One key difference between life and non-life is active transport. Differing from natural osmosis or diffusion, which tends to move molecules from areas of high concentration to areas of low concentration, active transport is achieved through molecular machines able to recognize and selectively permit passage, even against a strong concentration gradient. Like Maxwell’s demon, membrane channels seem to violate the laws of physics. No laws are violated, of course, any more than turnstiles at Disney World violate physics to keep people out who didn’t buy a ticket. In both cases it’s the programming and placement of specific parts that allows mechanisms to go against what would otherwise occur by unguided nature. 

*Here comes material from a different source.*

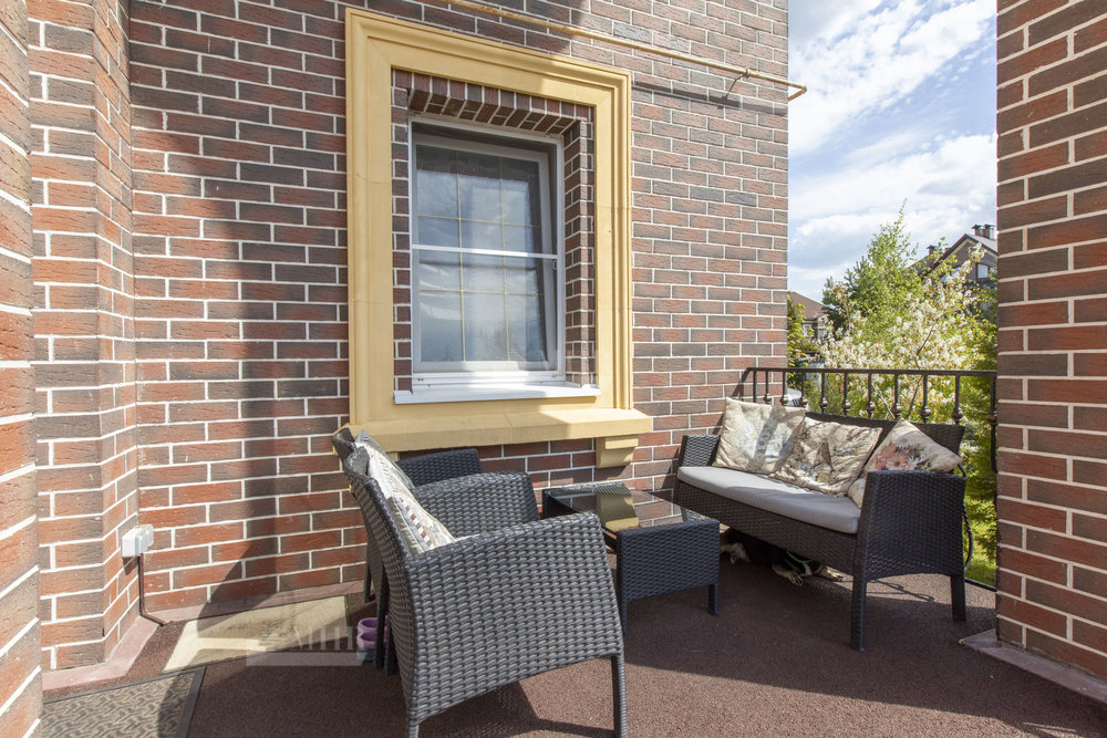 Дом построен из кирпича. Перекрытия монолитный железобетон. Покрытие кровли металлочерепица. Отделка фасадов облицовка клинкерной плиткой. Окна двойные деревянные стеклопакеты, отделка фасада керамическими элементами. Декорирование фасада архитектурными элементами выполнено из архибетона.

The improving quality of imaging techniques is allowing scientists to peer deeper into the mechanisms of membrane channels. Different channels work in different ways. All have some kind of “selectivity filter” to allow passage of desired molecules and exclude others. Here are a few new discoveries.

The Big Potassium Channel

Biophysicists at the University of Massachusetts at Amherst have cracked the selectivity filter of one type of ion channel, the “big potassium” (BK) channel. This channel operates very rapidly in muscle and nerve cells. Chains of these channels in the cell membrane “fire” in rapid succession, creating a wave of information that can pass from stubbed toe to brain in a fraction of a second. Scientists had expected that this channel would operate some kind of gate that opens and closes, as in other channel types. But before now, they were baffled about why the large central pore of the channel appeared to remain open, even when potassium atoms were not entering. 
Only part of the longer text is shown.